Ficção: A identidade da Dra. Carr

Assim como os principais agentes da série, a Doutora Wendy Carr (Anna Torv) também foi apenas inspirada em uma importante profissional real: Ann Wolbert Burgess, especializada nas consequências psicológicas de vítimas de crimes com motivações sexuais. Na vida real, Burgess realmente trabalhou com Douglas e Ressler nos anos 80 e ajudou a tornar as entrevistas com os criminosos em uma pesquisa de verdade com credibilidade.

A personagem é lésbica, mas a doutora real é casada com um Allen Burgess e tem dois filhos. Hoje, aos 82 anos, ainda dá aulas na Universidade de Boston.


Ficção: Kay Mason

Kay Mason (Lauren Glazier) é uma bartender que desperta interesse na Dra.Wendy e as duas vivem um romance na série. Ela é uma das poucas personagens a serem totalmente fictícias, sem ser baseada em nenhuma figura real. Na série, o caso das duas apresenta o grande preconceito e intolerância da época em relação a sexualidade.

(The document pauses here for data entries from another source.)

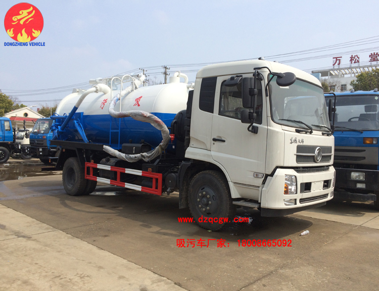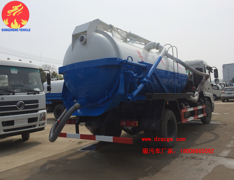 我公司生產(chǎn)的東風(fēng)天錦吸污車整車型號SZD5160GXWD5V,底盤采用東風(fēng)天錦單橋底盤,國五康機180馬力發(fā)動機,罐體有效容積9.45方,罐體一次性成型,罐體液壓舉升,后蓋液壓打開自卸,標準配置雙聯(lián)泵,而水循環(huán)式吸污泵,真空度更高,垂直吸度更高。
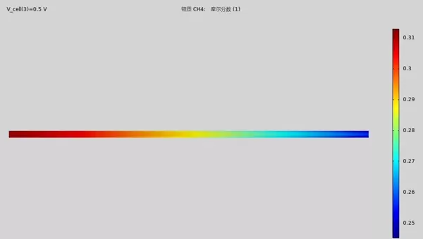 甲烷在催化剂作用下发生重整反应,生成一氧化碳和氢气。随着反应推进,电池阳极侧甲烷浓度逐步下降,尤其在催化活性区域浓度梯度更为显著;与此同时,产物气体(如H和CO)浓度相应上升。借助COMSOL仿真,可清晰呈现各组分在空间中的分布演化规律,揭示反应进程的空间差异性。
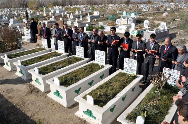 Depremde kendisi ile eşi ve çocuğu da yaşamını yitiren öğretmen Mehmet Murat İşler'in mezarı başında Kur'an-ı Kerim okuyan İmam Hatip Lisesi öğrencileri, 64 öğretmen için dua etti.

FICÇÃO: A Identidade de Jim Barney

Em Mindhunter, Jim Barney (Albert Jones) se une a Holden e ao agente Bill para investigar o caso das crianças negras que estavam sendo sequestradas e assassinadas na Georgia. O agente Barney não existiu de verdade mas o personagem representa os oficiais locais que trabalharam no caso


Real: As entrevistas com os serial killers e os crimes deles

Todos os assassinos em série mostrados na série, até agora, realmente existiram e concederam entrevistas aos agentes reais. Alguns detalhes dos encontros mostrados nos episódios podem ter sofrido pequenas alterações, mas, as conversas, crimes e perfis dos condenados são reais.

CHARLES MANSON

Foi líder de uma seita hippie chamada “Família Manson” e o mandante do ataque que resultou em vários assassinatos em 1969, realizado por três seguidores. Entre as vítimas, a atriz americana Sharon Tate, que estava grávida de oito meses, foi brutalmente esfaqueada. Manson morreu em 2017 na Califórnia, aos 83 anos, enquanto cumpria prisão perpétua.

FILHO DE SAM 

David Richard Berkowitz ficou conhecido como Filho de Sam e o Assassino da Calibre .44 depois de matar seis pessoas e ferir sete com disparos de revólver efetuados aleatoriamente pelos vidros dos carros entre 1976 e 1977. Ele tinha preferência por casais e chegou a enviar cartas provocativas para as delegacias, que iniciaram a maior caçada policial de Nova York. Após ser preso, em 1977, o assassino afirmou que cometeu os crimes por estar seguindo ordens de um demônio que possuía o cachorro do vizinho. Nos anos 90 ele confirmou que essa história foi inventada por ele e hoje cumpre prisão perpétua aos 66 anos.

RICHARD SPECK

Richard Franklin Speck invadiu uma casa em 1966 e após amarrá-las, Speck assassinou oito das nove enfermeiras, que moravam em Chicago, com golpes de faca e estrangulamento. A única sobrevivente conseguiu fugir do massacre se arrastando para debaixo de uma cama. O serial killer foi preso e morreu aos 49 anos na cadeia enquanto cumpria prisão perpétua.

ELMER WAYNE HENLEY

Elmer Wayne Henley Jr. foi condenado por seis assassinatos em 1974. Mas, ele atraiu pelo menos 28 rapazes, entre 1970 e 1973, para que Dean Corll – outro serial killer – pudesse torturar, estuprar e matar os jovens. Dentre os assassinatos cometidos por Henley está o do próprio Corll, em 1978.  Henley está atualmente com 63 anos e cumpre prisão perpétua nos EUA.

WILLIAM HENRY HANCE

Hance, possivelmente, assassinou quatro mulheres na Geórgia e enviou, também, cartas para a polícia ameaçando matar prostitutas negras, mas foi pego antes desses outros crimes. Ele sempre se declarou inocente, mas, foi executado na cadeira elétrica em 1994.

PAUL BATESON

Paul Bateson foi condenado em 1979 pela morte de uma jornalista, mas a polícia e a promotoria de Manhattan acredita que ele também esteve ligado a alguns assassinatos de jovens gays, como nada foi provado, ele apenas respondeu ao primeiro crime. Antes disso, Bateson fez um bico no filme O Exorcista, de William Friedkin. Como ele foi solto em 2003, hoje não se sabe se o assassino está vivo, nem onde vive.

WILLIAM PIERCE JR.

Nos anos 70, Pierce cometeu nove assassinatos em menos de um ano, além de estuprar e assassinar uma menina de 13 anos. Ele foi preso em 1971.